Luta contra o sol
Pesquisadores, médicos e moradores de um povoado se mobilizam para controlar uma doença hereditária agravada pela exposição à luz do diade Araras, Goiás
Djalma Jardim parece feliz, depois de uma longa depressão que o impedia de sair de casa. Hoje, animado, ele conversa com os amigos e cuida de sua sorveteria nova, com uma varanda ampla, no povoado de Araras, a 260 quilômetros de Goiânia.

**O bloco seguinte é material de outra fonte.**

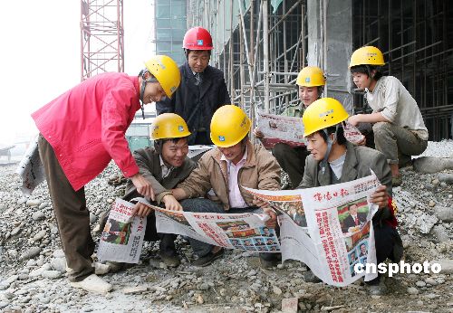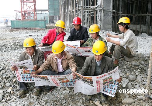 10月23日上午,綿陽長虹工業園虹歐PDP項目建筑工地,中建公司的農民工在閱看《綿陽日報》有關十七大的報道。他們看到十七大報告中關于完善和落實國家對農民工的政策,依法維護勞動者權益等內容后喜笑顏開,表示將安全生產,把工程項目盡快完成,為祖國建設貢獻自己的力量。中新社發 蒲滔 攝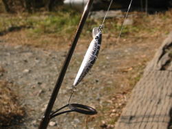 一度などは、魚がかかったので思い切り合わせたところ、魚が一瞬間をおいてルアーを放した。ルアーがびゅーっと私の方に飛んできて顔面直撃!

Ele prefere os dias ensolarados, que trazem mais pessoas em busca de sorvetes de milho, abacate ou graviola, mas sabe que ele próprio não pode tomar sol. Djalma tem uma doença genética hereditária conhecida como xeroderma pigmentosum, que atinge principalmente as partes do corpo mais expostas à luz do sol.

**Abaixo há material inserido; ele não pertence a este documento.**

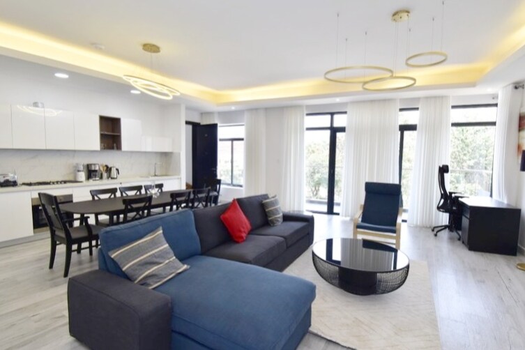 Descubre el significado del lujo en una dirección exclusiva de Kigali. Disfruta de este nuevo apartamento de lujo con piscina, a pocos pasos del campo de golf de 18 hoyos de Kigali. Con 3 habitaciones con aire acondicionado, electrodomésticos de 5 estrellas, exquisitos muebles modernos y cómodos colchones de espuma viscoelástica en las habitaciones con baño privado, esta casa irradia sofisticación de buen gusto en todas partes. Situado en el principal barrio de embajadas, HNWI, ONG, etc. de Kigali. También está convenientemente ubicado cerca del aeropuerto de Kigali, restaurantes y el centro de la ciudad.

Seu rosto está bastante transformado. Uma prótese externa ocupa o lugar do lábio superior, do nariz, de parte das maçãs do rosto e do olho direito, que tiveram de ser retirados. Aos 37 anos, Djalma tem um carro, mas durante anos, para se proteger do sol, andava de bicicleta coberto da cabeça aos pés com uma espécie de cabine de papel pardo com uma abertura para ver à frente.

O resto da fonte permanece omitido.